Task goal
Give again, exactly as they appear, only the lines from the one containing "We investigate the" through the last line of the material below.

Data
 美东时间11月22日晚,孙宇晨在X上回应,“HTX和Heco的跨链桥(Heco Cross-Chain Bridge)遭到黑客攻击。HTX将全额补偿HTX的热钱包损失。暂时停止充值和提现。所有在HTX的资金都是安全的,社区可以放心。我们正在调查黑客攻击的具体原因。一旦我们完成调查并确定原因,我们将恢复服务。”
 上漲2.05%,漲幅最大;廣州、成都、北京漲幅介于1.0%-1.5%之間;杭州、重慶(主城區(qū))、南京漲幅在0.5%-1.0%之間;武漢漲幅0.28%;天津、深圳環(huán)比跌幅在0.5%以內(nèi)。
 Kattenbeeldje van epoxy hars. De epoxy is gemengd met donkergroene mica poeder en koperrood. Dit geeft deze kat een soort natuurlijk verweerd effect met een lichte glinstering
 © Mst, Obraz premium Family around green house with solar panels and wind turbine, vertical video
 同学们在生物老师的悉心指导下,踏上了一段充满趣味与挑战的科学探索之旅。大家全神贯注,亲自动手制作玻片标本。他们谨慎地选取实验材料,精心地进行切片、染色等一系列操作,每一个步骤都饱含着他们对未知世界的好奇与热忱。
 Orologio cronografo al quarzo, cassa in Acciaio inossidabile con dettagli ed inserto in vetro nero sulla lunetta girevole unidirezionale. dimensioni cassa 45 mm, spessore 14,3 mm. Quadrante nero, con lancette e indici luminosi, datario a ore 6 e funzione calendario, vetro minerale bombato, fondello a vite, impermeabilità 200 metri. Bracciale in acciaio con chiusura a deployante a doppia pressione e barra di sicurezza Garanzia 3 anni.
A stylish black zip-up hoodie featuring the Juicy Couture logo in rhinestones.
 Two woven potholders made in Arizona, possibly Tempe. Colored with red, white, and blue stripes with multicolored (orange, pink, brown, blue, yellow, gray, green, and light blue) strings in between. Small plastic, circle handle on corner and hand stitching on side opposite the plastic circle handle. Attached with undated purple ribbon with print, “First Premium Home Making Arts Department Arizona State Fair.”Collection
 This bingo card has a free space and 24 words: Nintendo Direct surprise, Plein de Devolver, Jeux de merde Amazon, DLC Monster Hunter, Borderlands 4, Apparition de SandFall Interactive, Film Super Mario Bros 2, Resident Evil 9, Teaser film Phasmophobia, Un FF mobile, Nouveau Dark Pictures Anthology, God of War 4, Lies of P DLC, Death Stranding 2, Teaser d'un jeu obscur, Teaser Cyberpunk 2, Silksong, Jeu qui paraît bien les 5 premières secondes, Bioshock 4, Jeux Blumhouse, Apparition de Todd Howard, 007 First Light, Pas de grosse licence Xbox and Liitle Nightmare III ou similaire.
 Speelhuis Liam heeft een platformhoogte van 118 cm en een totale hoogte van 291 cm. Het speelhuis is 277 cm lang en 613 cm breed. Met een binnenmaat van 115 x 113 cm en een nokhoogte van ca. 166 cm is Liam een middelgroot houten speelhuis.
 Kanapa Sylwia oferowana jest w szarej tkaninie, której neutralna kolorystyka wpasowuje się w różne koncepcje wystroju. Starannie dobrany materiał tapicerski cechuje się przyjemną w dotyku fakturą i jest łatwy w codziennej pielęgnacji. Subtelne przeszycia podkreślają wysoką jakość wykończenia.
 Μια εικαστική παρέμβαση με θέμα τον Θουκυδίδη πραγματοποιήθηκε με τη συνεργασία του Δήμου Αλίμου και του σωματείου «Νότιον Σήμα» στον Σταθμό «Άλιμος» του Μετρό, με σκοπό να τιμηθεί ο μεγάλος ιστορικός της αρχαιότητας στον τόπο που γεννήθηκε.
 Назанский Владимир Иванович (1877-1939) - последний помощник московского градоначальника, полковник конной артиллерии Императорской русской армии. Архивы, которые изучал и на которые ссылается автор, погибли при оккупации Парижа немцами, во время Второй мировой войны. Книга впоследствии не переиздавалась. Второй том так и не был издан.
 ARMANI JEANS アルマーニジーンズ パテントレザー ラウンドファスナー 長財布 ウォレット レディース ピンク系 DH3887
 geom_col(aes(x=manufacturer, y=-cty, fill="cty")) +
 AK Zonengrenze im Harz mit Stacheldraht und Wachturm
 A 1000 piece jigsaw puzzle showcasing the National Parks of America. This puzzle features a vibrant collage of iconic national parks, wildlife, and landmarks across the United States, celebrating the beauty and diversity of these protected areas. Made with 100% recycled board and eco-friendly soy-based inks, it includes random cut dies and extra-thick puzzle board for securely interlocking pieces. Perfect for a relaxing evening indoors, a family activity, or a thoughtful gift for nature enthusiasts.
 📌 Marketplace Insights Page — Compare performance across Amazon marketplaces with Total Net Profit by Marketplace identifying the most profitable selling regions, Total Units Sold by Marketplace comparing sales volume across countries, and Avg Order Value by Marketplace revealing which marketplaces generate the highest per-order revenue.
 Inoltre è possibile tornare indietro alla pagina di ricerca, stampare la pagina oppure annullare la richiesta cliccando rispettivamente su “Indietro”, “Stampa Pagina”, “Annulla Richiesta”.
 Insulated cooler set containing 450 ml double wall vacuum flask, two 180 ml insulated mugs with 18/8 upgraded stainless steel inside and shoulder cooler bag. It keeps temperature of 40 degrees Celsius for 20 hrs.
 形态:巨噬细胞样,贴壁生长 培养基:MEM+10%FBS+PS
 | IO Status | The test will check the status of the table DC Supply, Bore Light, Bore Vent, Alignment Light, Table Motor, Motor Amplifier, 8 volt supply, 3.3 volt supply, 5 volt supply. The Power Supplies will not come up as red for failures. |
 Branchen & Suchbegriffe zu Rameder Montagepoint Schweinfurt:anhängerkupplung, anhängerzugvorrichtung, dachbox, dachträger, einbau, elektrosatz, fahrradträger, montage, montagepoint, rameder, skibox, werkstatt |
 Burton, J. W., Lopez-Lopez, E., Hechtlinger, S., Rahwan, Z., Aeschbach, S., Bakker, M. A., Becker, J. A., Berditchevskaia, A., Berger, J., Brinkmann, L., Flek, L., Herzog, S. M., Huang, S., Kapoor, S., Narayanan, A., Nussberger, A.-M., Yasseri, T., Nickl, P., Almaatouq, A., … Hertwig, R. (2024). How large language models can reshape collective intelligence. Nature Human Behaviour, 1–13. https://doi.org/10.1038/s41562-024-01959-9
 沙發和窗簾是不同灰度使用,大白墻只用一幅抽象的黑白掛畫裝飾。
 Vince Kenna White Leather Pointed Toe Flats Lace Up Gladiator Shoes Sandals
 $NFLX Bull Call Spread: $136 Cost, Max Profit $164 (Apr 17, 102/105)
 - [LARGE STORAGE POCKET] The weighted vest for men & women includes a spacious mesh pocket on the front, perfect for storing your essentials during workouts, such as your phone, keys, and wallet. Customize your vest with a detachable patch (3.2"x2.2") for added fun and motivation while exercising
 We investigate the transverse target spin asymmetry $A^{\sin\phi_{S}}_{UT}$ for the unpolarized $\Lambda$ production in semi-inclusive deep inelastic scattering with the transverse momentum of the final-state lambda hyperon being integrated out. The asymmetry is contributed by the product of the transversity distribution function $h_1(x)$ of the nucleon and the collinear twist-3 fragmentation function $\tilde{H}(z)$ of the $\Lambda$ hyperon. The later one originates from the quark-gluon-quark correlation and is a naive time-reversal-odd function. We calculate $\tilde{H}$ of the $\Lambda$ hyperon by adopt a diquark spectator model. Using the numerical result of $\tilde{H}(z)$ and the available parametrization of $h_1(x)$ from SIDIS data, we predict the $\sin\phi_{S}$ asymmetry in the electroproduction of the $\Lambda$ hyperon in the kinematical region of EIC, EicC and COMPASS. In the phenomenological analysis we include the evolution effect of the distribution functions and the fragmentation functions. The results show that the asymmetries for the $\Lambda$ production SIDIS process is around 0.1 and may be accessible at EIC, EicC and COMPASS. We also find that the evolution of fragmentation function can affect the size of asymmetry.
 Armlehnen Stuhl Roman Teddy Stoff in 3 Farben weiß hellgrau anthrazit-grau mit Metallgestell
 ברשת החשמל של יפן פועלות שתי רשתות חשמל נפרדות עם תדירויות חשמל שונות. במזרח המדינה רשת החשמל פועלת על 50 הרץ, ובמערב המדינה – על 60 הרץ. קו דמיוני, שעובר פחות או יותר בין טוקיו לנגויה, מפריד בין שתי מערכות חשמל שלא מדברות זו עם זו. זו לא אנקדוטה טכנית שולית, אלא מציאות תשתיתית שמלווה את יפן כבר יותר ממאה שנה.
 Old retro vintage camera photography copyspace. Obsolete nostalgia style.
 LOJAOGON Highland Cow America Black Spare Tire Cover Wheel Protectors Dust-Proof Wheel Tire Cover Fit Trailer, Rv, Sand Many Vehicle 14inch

Output for this exercise
 We investigate the transverse target spin asymmetry $A^{\sin\phi_{S}}_{UT}$ for the unpolarized $\Lambda$ production in semi-inclusive deep inelastic scattering with the transverse momentum of the final-state lambda hyperon being integrated out. The asymmetry is contributed by the product of the transversity distribution function $h_1(x)$ of the nucleon and the collinear twist-3 fragmentation function $\tilde{H}(z)$ of the $\Lambda$ hyperon. The later one originates from the quark-gluon-quark correlation and is a naive time-reversal-odd function. We calculate $\tilde{H}$ of the $\Lambda$ hyperon by adopt a diquark spectator model. Using the numerical result of $\tilde{H}(z)$ and the available parametrization of $h_1(x)$ from SIDIS data, we predict the $\sin\phi_{S}$ asymmetry in the electroproduction of the $\Lambda$ hyperon in the kinematical region of EIC, EicC and COMPASS. In the phenomenological analysis we include the evolution effect of the distribution functions and the fragmentation functions. The results show that the asymmetries for the $\Lambda$ production SIDIS process is around 0.1 and may be accessible at EIC, EicC and COMPASS. We also find that the evolution of fragmentation function can affect the size of asymmetry.
 Armlehnen Stuhl Roman Teddy Stoff in 3 Farben weiß hellgrau anthrazit-grau mit Metallgestell
 ברשת החשמל של יפן פועלות שתי רשתות חשמל נפרדות עם תדירויות חשמל שונות. במזרח המדינה רשת החשמל פועלת על 50 הרץ, ובמערב המדינה – על 60 הרץ. קו דמיוני, שעובר פחות או יותר בין טוקיו לנגויה, מפריד בין שתי מערכות חשמל שלא מדברות זו עם זו. זו לא אנקדוטה טכנית שולית, אלא מציאות תשתיתית שמלווה את יפן כבר יותר ממאה שנה.
 Old retro vintage camera photography copyspace. Obsolete nostalgia style.
 LOJAOGON Highland Cow America Black Spare Tire Cover Wheel Protectors Dust-Proof Wheel Tire Cover Fit Trailer, Rv, Sand Many Vehicle 14inch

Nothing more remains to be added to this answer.